Your instructions: Please give the whole listing again word for word, and drop any pictures it holds.

*** Opening of Task inputs ***

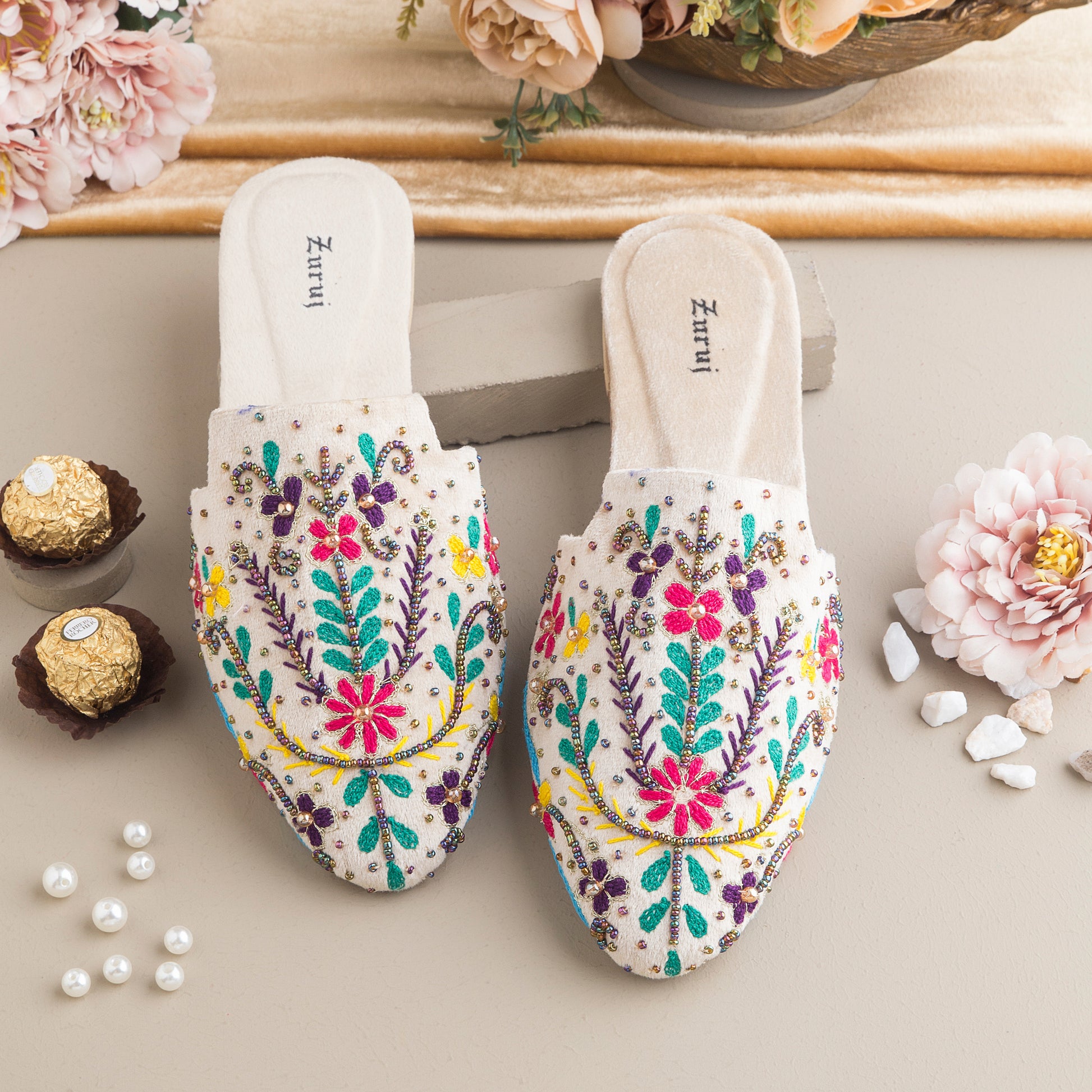 ML-251-CREAM is a quintessential exemplary of pleasant, luxurious and traditional artistry made on CREAM base with beautiful combination embroidery work. These are the adorable heritages of Pakistan that are hand-sewed by determined cordwainers of rural areas to exhibit the utmost beauty of prepossessing feet.
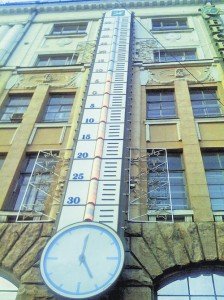 «На улице Горького я увидел шестиметровый градусник, - рассказал Андреевич. - Когда приехал в Харьков, встретился с директором Института метрологии, совместно с которым мы приняли решение установить градусник на здании по улице Сумской, 11. Конечно, место выбрано не очень удачно, потому что из-за прямых солнечных лучей показания становится видно только после обеда. Однако этот градусник обладает высшей степенью точности, за все эти годы он ни разу нас не подвел». Харьковский градусник значительно превзошел московский: высота символа первой столицы составила 16 метров - с тех пор встречи «под градусником» стали частью жизни города.
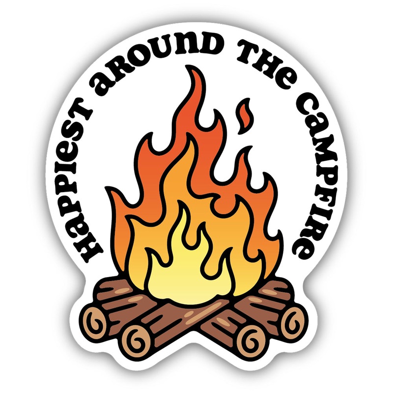 This Happiest Around the Campfire Sticker is great for personalizing your water bottle, notebook, laptop, and more. It's perfect for those who love camping and spending time outdoors!Matte finish laminated vinylWaterproofFadeproof (all weather)Removable wi
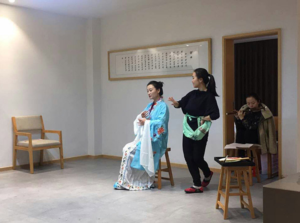 “作為90后,昆曲讓我逃離快節(jié)奏時(shí)代的紛擾,穿越到古代,做了回享受慢生活的人,也為我打開了一扇窗,讓我學(xué)詩詞、學(xué)禮儀、學(xué)做人……”因?yàn)橥馄藕蛬寢尪际窃絼∶裕?0后學(xué)員宋玟瑾從小就跟戲曲結(jié)緣。聽著戲曲長大的她,在曲社里除了學(xué)習(xí)昆曲外,還學(xué)習(xí)曲笛,為曲友伴奏唱曲。在生活中,昆曲對(duì)她來說是“曲如空氣”,不管是做飯、打掃、還是洗澡,都會(huì)打開藍(lán)牙音箱一邊聽一邊跟唱。為了盡快學(xué)會(huì)吹曲笛,就算是在出差在路上,也會(huì)戴上耳機(jī),看著曲譜,打著節(jié)奏聽昆曲。通過學(xué)習(xí)昆曲,她對(duì)中國傳統(tǒng)文化更加熱愛,覺得傳統(tǒng)文化更加立體而有趣。
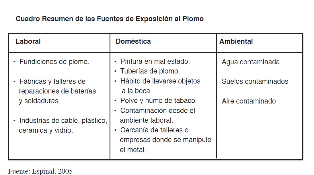 El plomo en el ambiente es ubicuo, proviene de diversas fuentes: combustión de naftas adicionadas con plomo, emisiones industriales, fábricas de acumuladores, pinturas a base de plomo, cerámicas vidriadas con plomo, entre otras.5
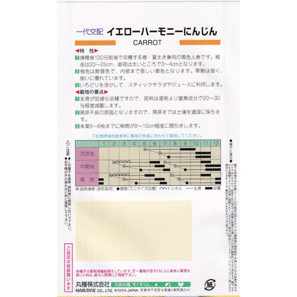 播種後120日前後で収穫する春・夏まき兼用の黄色人参です。根長は20~25cm、直径は太いところで3~4cmとなります。根色は鮮黄色で、内部まで美しい黄色となります。草勢は強く、揃いに優れています。いろどりを活かしてスティックサラダやジュースに利用します。
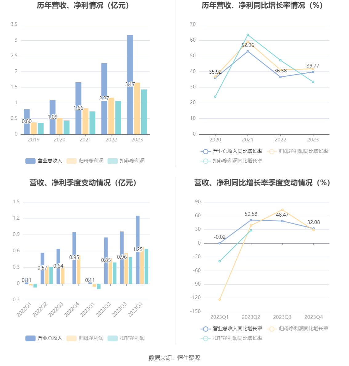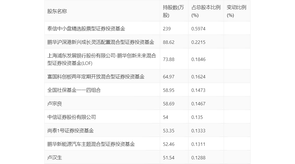 年报显示,2023年年末公司十大流通股东中,新进股东为鹏华沪深港新兴成长灵活配置混合型证券投资基金、全国社保基金一一四组合、中信证券股份有限公司、鹏华新能源汽车主题混合型证券投资基金,取代了三季度末的朱顺美、兴全多维价值混合型证券投资基金、丁建荣、信澳先进智造股票型证券投资基金。在具体持股比例上,泰信中小盘精选股票型证券投资基金、上海浦东发展银行股份有限公司-鹏华创新未来混合型证券投资基金(LOF)、卢宗良、卢汉生持股有所上升,尚泰1号证券投资基金持股有所下降。
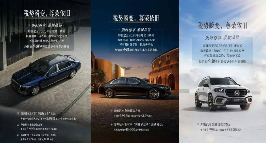 的经销商也放出了类似的政策,购买迈巴赫、奔驰S级、指定车型,在8月31日前,奔驰的经销商将全额承担新增豪车消费税。
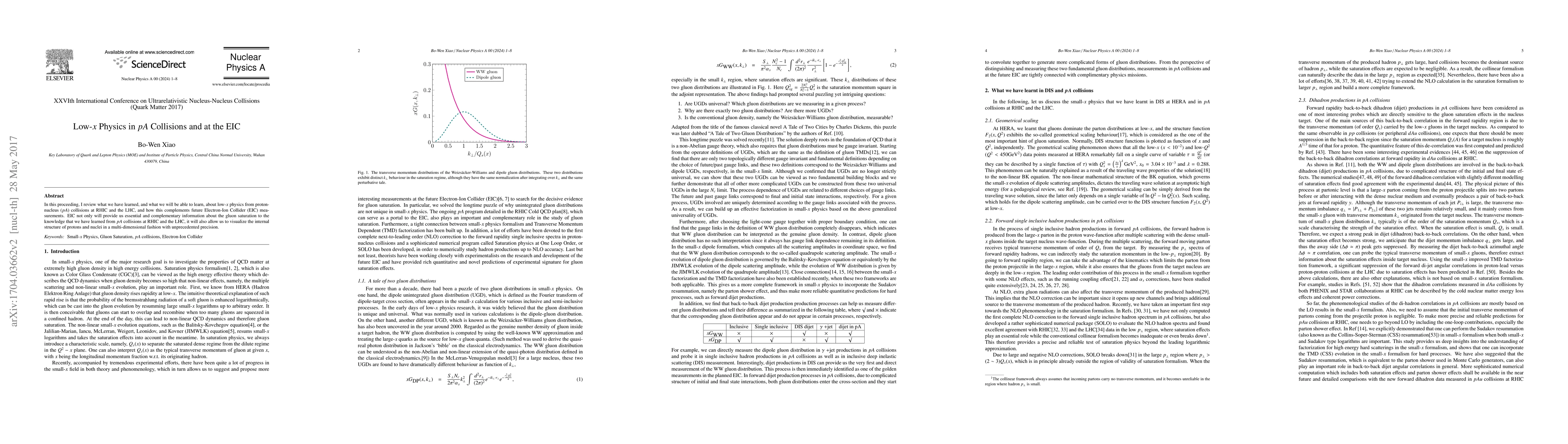 In this proceeding, I review what we have learned, and what we will be able to learn, about low-$x$ physics from proton-nucleus ($pA$) collisions at RHIC and the LHC, and how this complements future Electron-Ion Collider (EIC) measurements. EIC not only will provide us essential and complementary information about the gluon saturation to the knowledge that we have learned from $pA$ collisions at RHIC and the LHC, it will also allow us to visualize the internal structure of protons and nuclei in a multi-dimensional fashion with unprecedented precision.
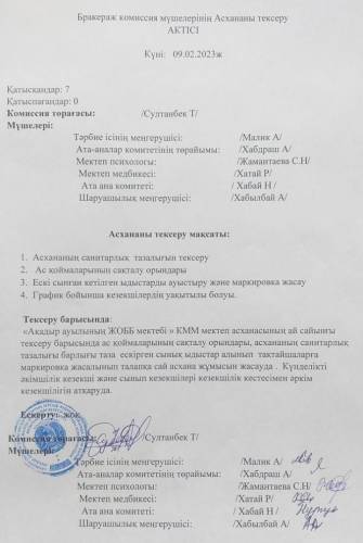 ,,Ақадыр ауылының ЖОББ мектебі,,КММ Тамақтану бойынша брокераждық комиссия мүшелері асхананы тексердік . Әлеуметтік педагог :Солтанбек Дария
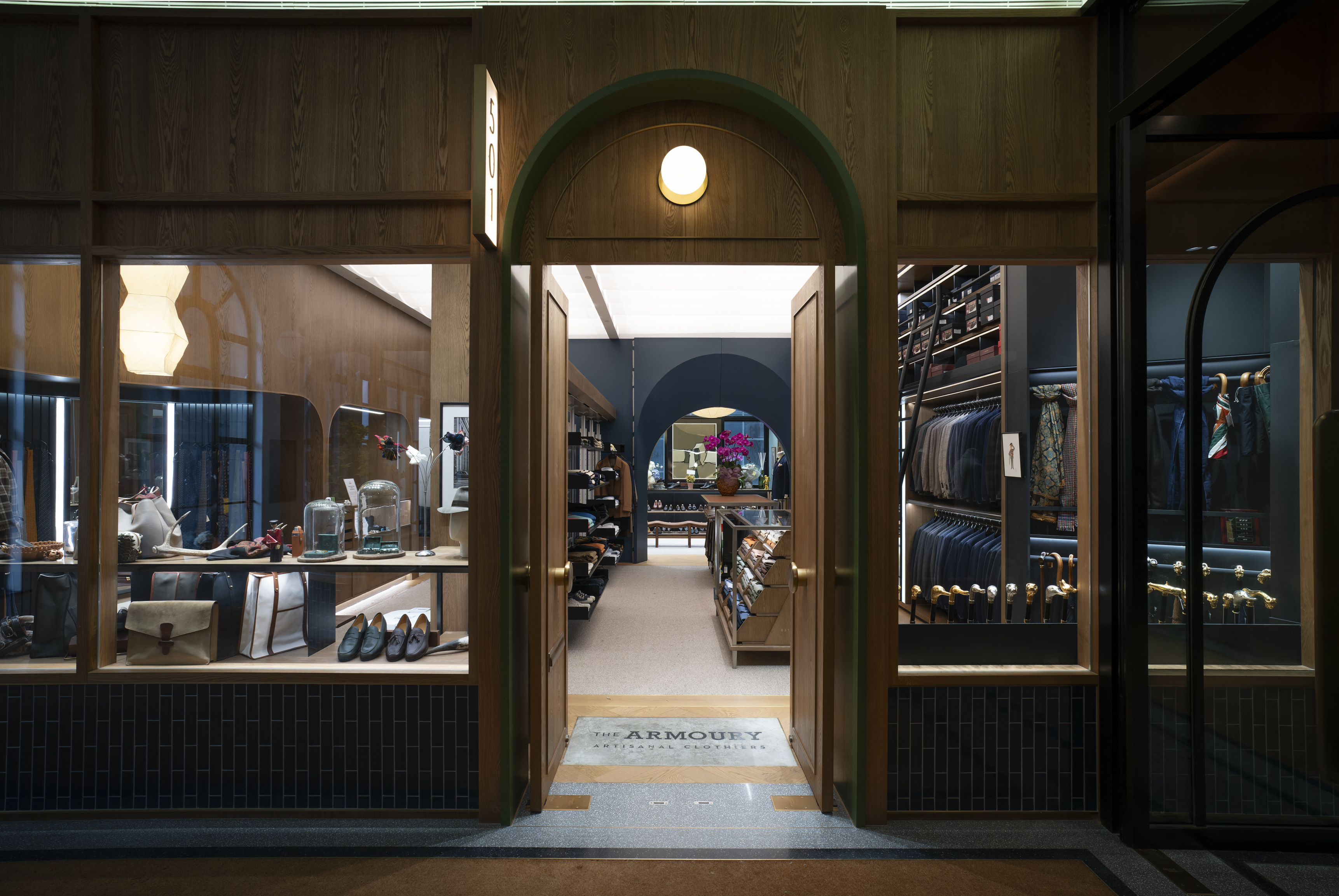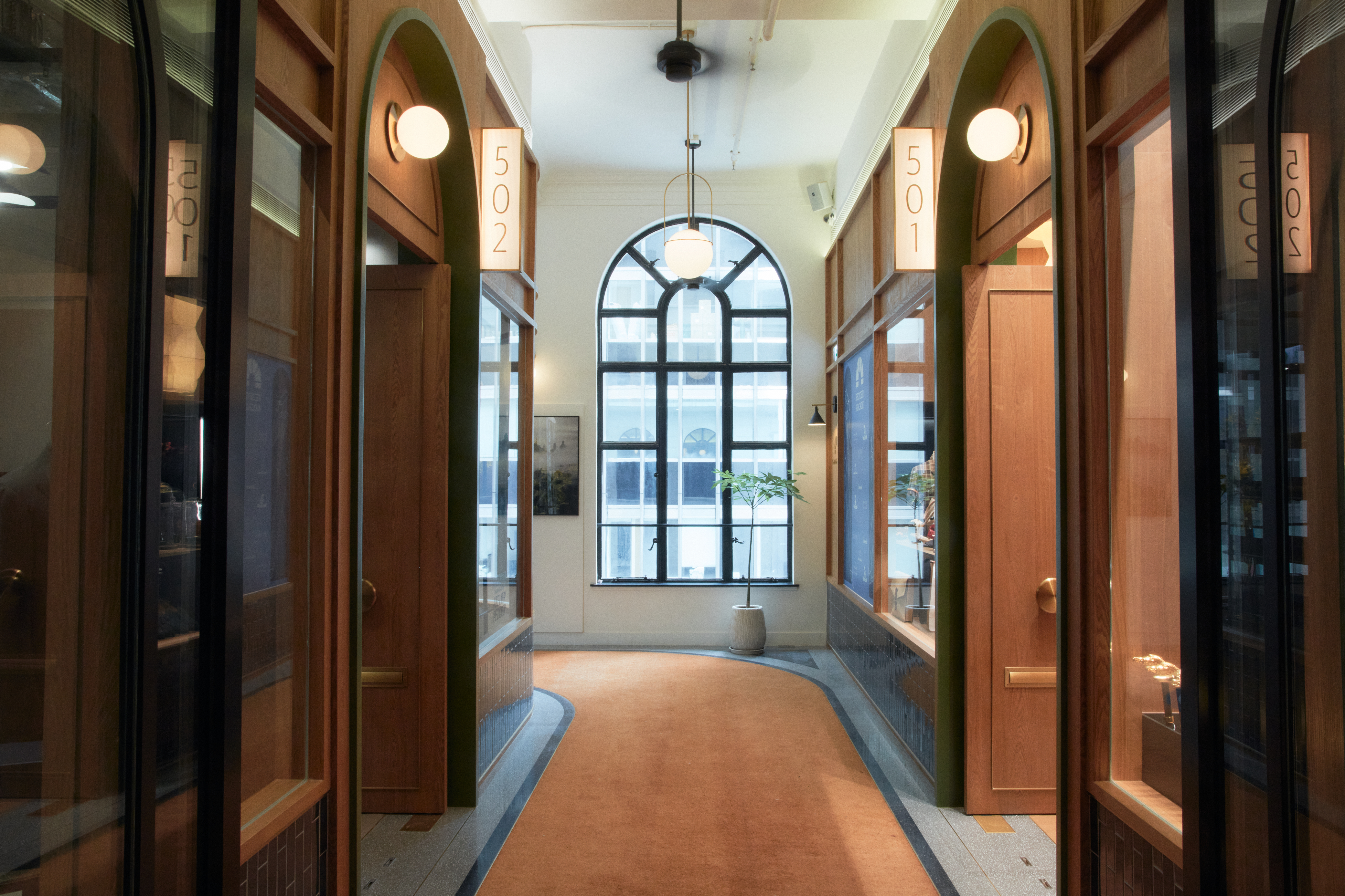 In the heart of Hong Kong, the Pedder Building is the last pre-war building on Pedder Street. The history and the architecture of the building inspired the design of Pedder Arcade. The iconic arch windows informed the design direction and the characteristics of the space. Pedder Arcade transforms an entire floor of the Pedder Building into an intimate, tranquil and sophisticated shopping environment. It makes extensive use of The Pedder Building’s distinctive windows and floorspace, while adding comfortable areas to lounge, drink and dine amidst some of the most interesting luxury retail Hong Kong has to offer. Featuring a series of virtual skylights in the atrium, the circadian sky mimics that of natural day to evening cycle creating a warm and natural atmosphere. The concourse along the floor to ceiling windows creates an intimate corridor to window shop and a quiet space to rest in the midst of the hustle bustle of Central.
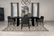 Introducing a beautiful dining room collection with clean, modern lines. The dining table boasts a oak veneer top with a black finish and a stunning tambour base design featuring fluted patterns on the double pedestal legs. The mid-century-inspired dining chairs have cushioned arms wrapped in durable charcoal grey fabric, offering comfort and style for any casual dining room. Key Features: • Introducing a modern dining room collection with a stunning tambour base design • Dining table features an oak veneer top with a black finish • Double pedestal legs feature fluted patterns for a mid-century inspired look • Dining chairs have cushioned arms wrapped in durable charcoal grey fabric • Comfort and style for any casual dining room
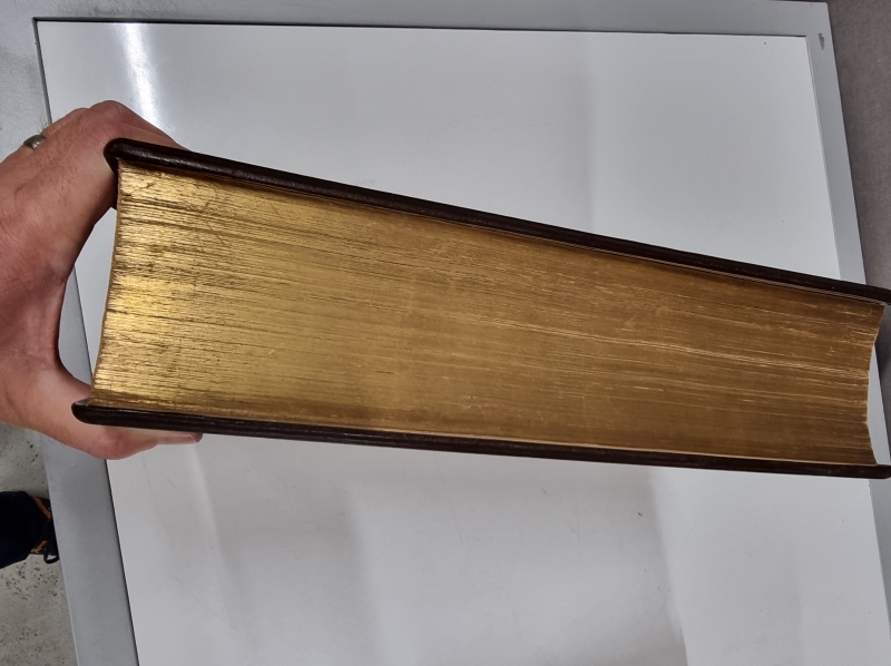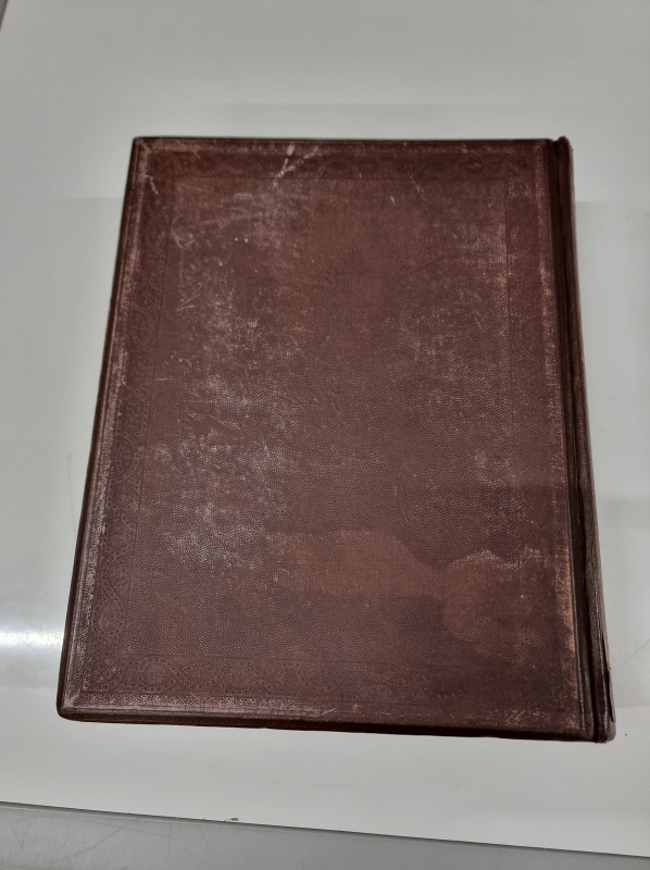 Kullatut sivun reunat, selkämyksessä kulumaa. Mitat 31cm x 37,5cm

*** Close of Task inputs ***

Exercise output:
 ML-251-CREAM is a quintessential exemplary of pleasant, luxurious and traditional artistry made on CREAM base with beautiful combination embroidery work. These are the adorable heritages of Pakistan that are hand-sewed by determined cordwainers of rural areas to exhibit the utmost beauty of prepossessing feet.
 «На улице Горького я увидел шестиметровый градусник, - рассказал Андреевич. - Когда приехал в Харьков, встретился с директором Института метрологии, совместно с которым мы приняли решение установить градусник на здании по улице Сумской, 11. Конечно, место выбрано не очень удачно, потому что из-за прямых солнечных лучей показания становится видно только после обеда. Однако этот градусник обладает высшей степенью точности, за все эти годы он ни разу нас не подвел». Харьковский градусник значительно превзошел московский: высота символа первой столицы составила 16 метров - с тех пор встречи «под градусником» стали частью жизни города.
 This Happiest Around the Campfire Sticker is great for personalizing your water bottle, notebook, laptop, and more. It's perfect for those who love camping and spending time outdoors!Matte finish laminated vinylWaterproofFadeproof (all weather)Removable wi
 “作為90后,昆曲讓我逃離快節(jié)奏時(shí)代的紛擾,穿越到古代,做了回享受慢生活的人,也為我打開了一扇窗,讓我學(xué)詩詞、學(xué)禮儀、學(xué)做人……”因?yàn)橥馄藕蛬寢尪际窃絼∶裕?0后學(xué)員宋玟瑾從小就跟戲曲結(jié)緣。聽著戲曲長大的她,在曲社里除了學(xué)習(xí)昆曲外,還學(xué)習(xí)曲笛,為曲友伴奏唱曲。在生活中,昆曲對(duì)她來說是“曲如空氣”,不管是做飯、打掃、還是洗澡,都會(huì)打開藍(lán)牙音箱一邊聽一邊跟唱。為了盡快學(xué)會(huì)吹曲笛,就算是在出差在路上,也會(huì)戴上耳機(jī),看著曲譜,打著節(jié)奏聽昆曲。通過學(xué)習(xí)昆曲,她對(duì)中國傳統(tǒng)文化更加熱愛,覺得傳統(tǒng)文化更加立體而有趣。
 El plomo en el ambiente es ubicuo, proviene de diversas fuentes: combustión de naftas adicionadas con plomo, emisiones industriales, fábricas de acumuladores, pinturas a base de plomo, cerámicas vidriadas con plomo, entre otras.5
 播種後120日前後で収穫する春・夏まき兼用の黄色人参です。根長は20~25cm、直径は太いところで3~4cmとなります。根色は鮮黄色で、内部まで美しい黄色となります。草勢は強く、揃いに優れています。いろどりを活かしてスティックサラダやジュースに利用します。
 年报显示,2023年年末公司十大流通股东中,新进股东为鹏华沪深港新兴成长灵活配置混合型证券投资基金、全国社保基金一一四组合、中信证券股份有限公司、鹏华新能源汽车主题混合型证券投资基金,取代了三季度末的朱顺美、兴全多维价值混合型证券投资基金、丁建荣、信澳先进智造股票型证券投资基金。在具体持股比例上,泰信中小盘精选股票型证券投资基金、上海浦东发展银行股份有限公司-鹏华创新未来混合型证券投资基金(LOF)、卢宗良、卢汉生持股有所上升,尚泰1号证券投资基金持股有所下降。
 的经销商也放出了类似的政策,购买迈巴赫、奔驰S级、指定车型,在8月31日前,奔驰的经销商将全额承担新增豪车消费税。
 In this proceeding, I review what we have learned, and what we will be able to learn, about low-$x$ physics from proton-nucleus ($pA$) collisions at RHIC and the LHC, and how this complements future Electron-Ion Collider (EIC) measurements. EIC not only will provide us essential and complementary information about the gluon saturation to the knowledge that we have learned from $pA$ collisions at RHIC and the LHC, it will also allow us to visualize the internal structure of protons and nuclei in a multi-dimensional fashion with unprecedented precision.
 ,,Ақадыр ауылының ЖОББ мектебі,,КММ Тамақтану бойынша брокераждық комиссия мүшелері асхананы тексердік . Әлеуметтік педагог :Солтанбек Дария
 In the heart of Hong Kong, the Pedder Building is the last pre-war building on Pedder Street. The history and the architecture of the building inspired the design of Pedder Arcade. The iconic arch windows informed the design direction and the characteristics of the space. Pedder Arcade transforms an entire floor of the Pedder Building into an intimate, tranquil and sophisticated shopping environment. It makes extensive use of The Pedder Building’s distinctive windows and floorspace, while adding comfortable areas to lounge, drink and dine amidst some of the most interesting luxury retail Hong Kong has to offer. Featuring a series of virtual skylights in the atrium, the circadian sky mimics that of natural day to evening cycle creating a warm and natural atmosphere. The concourse along the floor to ceiling windows creates an intimate corridor to window shop and a quiet space to rest in the midst of the hustle bustle of Central.
 Introducing a beautiful dining room collection with clean, modern lines. The dining table boasts a oak veneer top with a black finish and a stunning tambour base design featuring fluted patterns on the double pedestal legs. The mid-century-inspired dining chairs have cushioned arms wrapped in durable charcoal grey fabric, offering comfort and style for any casual dining room. Key Features: • Introducing a modern dining room collection with a stunning tambour base design • Dining table features an oak veneer top with a black finish • Double pedestal legs feature fluted patterns for a mid-century inspired look • Dining chairs have cushioned arms wrapped in durable charcoal grey fabric • Comfort and style for any casual dining room
 Kullatut sivun reunat, selkämyksessä kulumaa. Mitat 31cm x 37,5cm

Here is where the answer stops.